By exclusively waiting by pgrp, we can fail to reap processes that change their own pgrp then either crash or close their fds. If we wind up in a situation where `waitpid(2)` returns 0 or ECHLD even though we did not specify `WNOHANG` but we still have unreaped child processes, wait on them by pid. Closes #5596.
2024-12-29 06:13:20 +00:00 · 2019-01-28 22:25:55 -06:00 · 2019-01-28 22:25:55 -06:00 · 4dfaa33d95
commit 4dfaa33d95
parent 93c0d3f4a5
1 changed files with 13 additions and 5 deletions
--- a/src/proc.cpp
+++ b/src/proc.cpp
@ -511,6 +511,7 @@ static bool process_mark_finished_children(bool block_on_fg) {

            if (pid > 0) {
                // A child process has been reaped
+                debug(4, "Reaped PID %d", pid);
                handle_child_status(pid, status);

                // Always set WNOHANG (that is, don't hang). Otherwise we might wait on a non-stopped job
@ -520,15 +521,22 @@ static bool process_mark_finished_children(bool block_on_fg) {
            } else if (pid == 0 || errno == ECHILD) {
                // No killed/dead children in this particular process group
                if (!wait_by_process) {
+                    if ((options & WNOHANG) == 0) {
+                        // This normally implies that the job has completed, but if we try to wait
+                        // on a job that includes a process that changed its own group before we
+                        // enter `waitpid`, we will be waiting forever.

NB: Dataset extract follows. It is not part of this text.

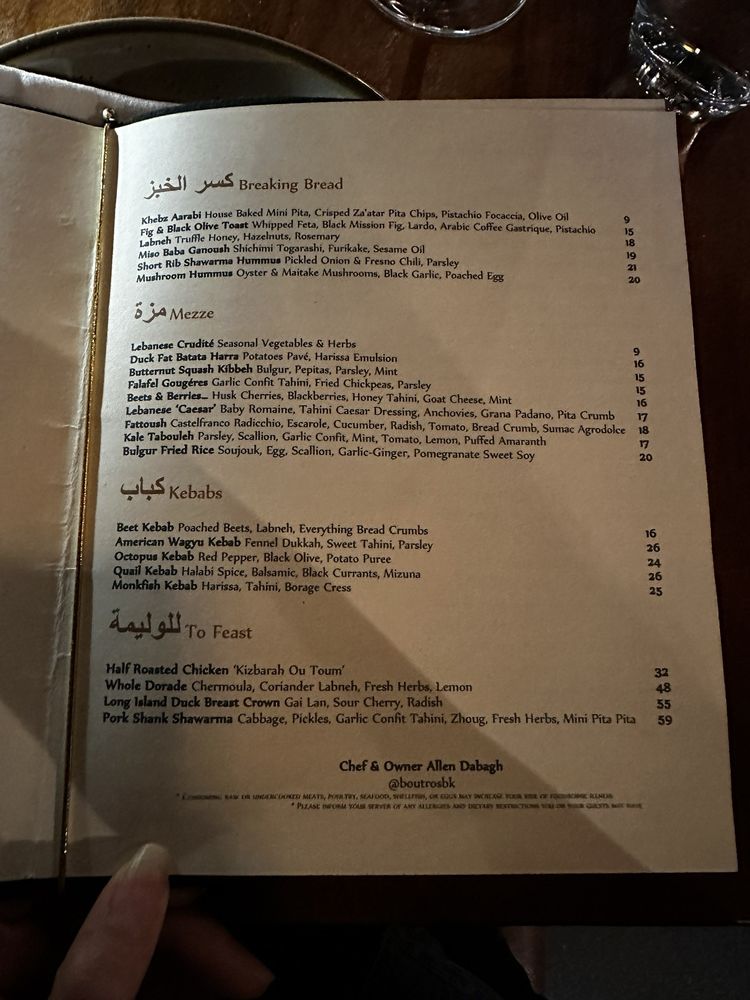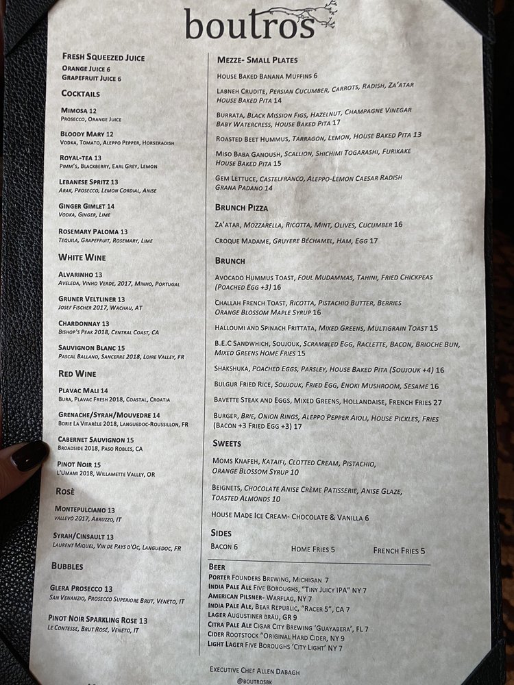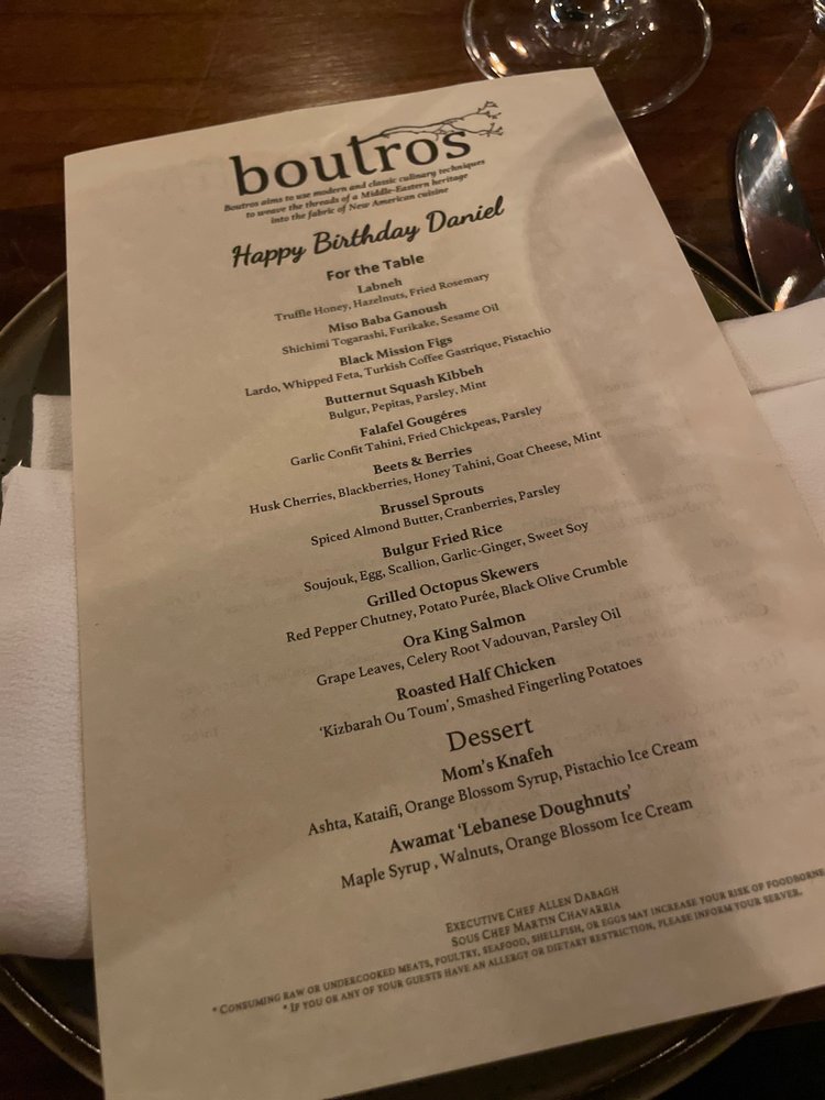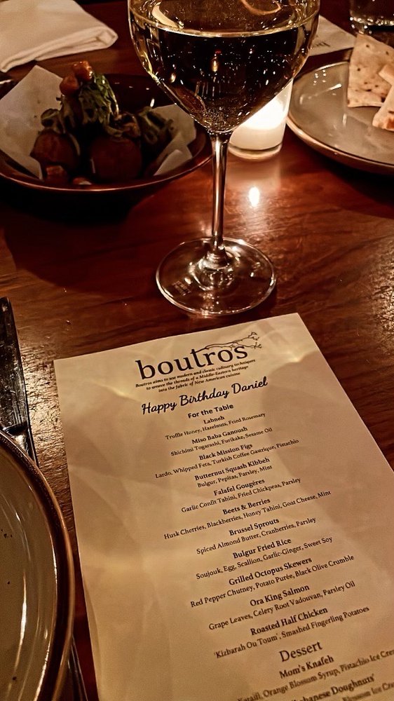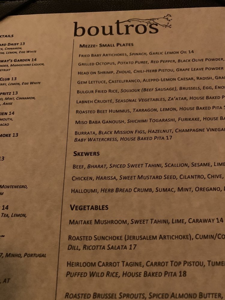 Introducing the menu at Boutros, a Lebanese, New American, and Cocktail Bar fusion in Brooklyn, NY. Offering a variety of utilities like reservation options, takeout, delivery, vegetarian choices, and more, Boutros creates a unique dining experience. With a diverse menu featuring Mezze like Labneh Dukkha and Roasted Beet Hummus, Large Plates like Wood Roasted Half Chicken and ShortRib Shawarma Sando, and delicious Desserts such as Knafeh Kataifi and Atayaf, Boutros brings Middle Eastern flavors to life. Customers rave about the creamy falafel, mushroom hummus, and unique cocktails like Cloud 9 and Berry Spritz. The cozy yet chic ambiance and attentive service make it a perfect spot for a special night out. Indulge in the flavors of Boutros and elevate your dining experience.

See #5596 for such a case.
+                        wait_by_process = true;
+                        continue;
+                    }
                    break;
                }
            } else {
                // pid < 0 indicates an error. One likely failure is ECHILD (no children), which is
-                // not an error and is ignored. The other likely failure is EINTR, which means we
-                // got a signal, which is considered an error. We absolutely do not break or return
-                // on error, as we need to iterate over all constructed jobs but we only call
-                // waitpid for one pgrp at a time. We do bypass future waits in case of error,
-                // however.
+                // not an error and is ignored in the branch above. The other likely failure is
+                // EINTR, which means we got a signal, which is considered an error. We absolutely
+                // do not break or return on error, as we need to iterate over all constructed jobs
+                // but we only call waitpid for one pgrp at a time. We do bypass future waits in
+                // case of error, however.
                has_error = true;

                // Do not audibly complain on interrupt (see #5293)